Task description: With images removed, return the whole listing exactly as written.

Data block:
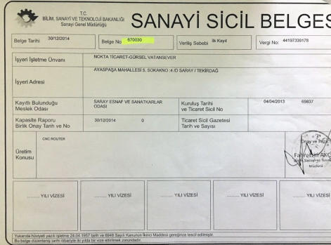 NOKTA CNC SANAYİ BAKANLIĞI KAYITLI BİR ŞİRKET OLUP
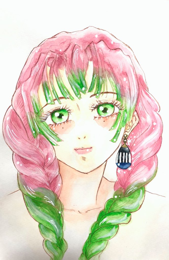2 12 再掲 塗り忘れが諸々あったので修正して再アップしました💦 初描き蜜璃ちゃん💖 『彼を見つめる彼女のまなざし』 後で小芭内くんver.も描く予定… #アナログ #水彩画 #蜜璃 21/07/25 22:57
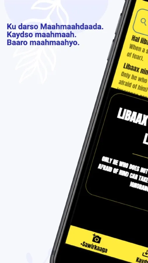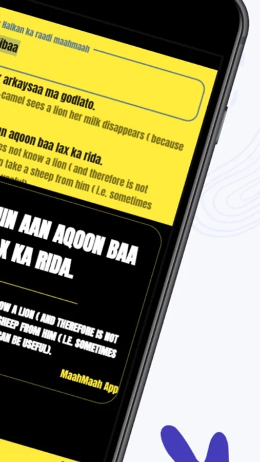 Kani waa APP xiiso leh oo daboolaya maahmaahyada Soomaaliyeed. Waxaa ku jira 100s oo maahmaah Soomaaliyeed ah oo aad la xiriiri karto nolol maalmeedka. Dadka soomaliyeed waxay caan ku yihiin majaajillo iyo firfircoonaan laakiin maahmaahda runta ah.
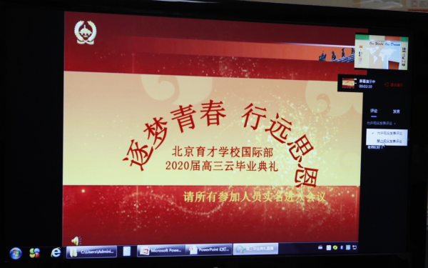 初夏的北京蓝天白云,六月的育才生机勃勃,2020年6月10日下午两点,别开生面的国际部2020届“逐梦青春 行远思恩”云毕业典礼在国际部活动室直播举行,校领导、全体国际部师生及家长监护人,满怀收获的喜悦和奔向未来的豪情欢聚在互联网。

Answer to the exercise:
 NOKTA CNC SANAYİ BAKANLIĞI KAYITLI BİR ŞİRKET OLUP
2 12 再掲 塗り忘れが諸々あったので修正して再アップしました💦 初描き蜜璃ちゃん💖 『彼を見つめる彼女のまなざし』 後で小芭内くんver.も描く予定… #アナログ #水彩画 #蜜璃 21/07/25 22:57
 Kani waa APP xiiso leh oo daboolaya maahmaahyada Soomaaliyeed. Waxaa ku jira 100s oo maahmaah Soomaaliyeed ah oo aad la xiriiri karto nolol maalmeedka. Dadka soomaliyeed waxay caan ku yihiin majaajillo iyo firfircoonaan laakiin maahmaahda runta ah.
 初夏的北京蓝天白云,六月的育才生机勃勃,2020年6月10日下午两点,别开生面的国际部2020届“逐梦青春 行远思恩”云毕业典礼在国际部活动室直播举行,校领导、全体国际部师生及家长监护人,满怀收获的喜悦和奔向未来的豪情欢聚在互联网。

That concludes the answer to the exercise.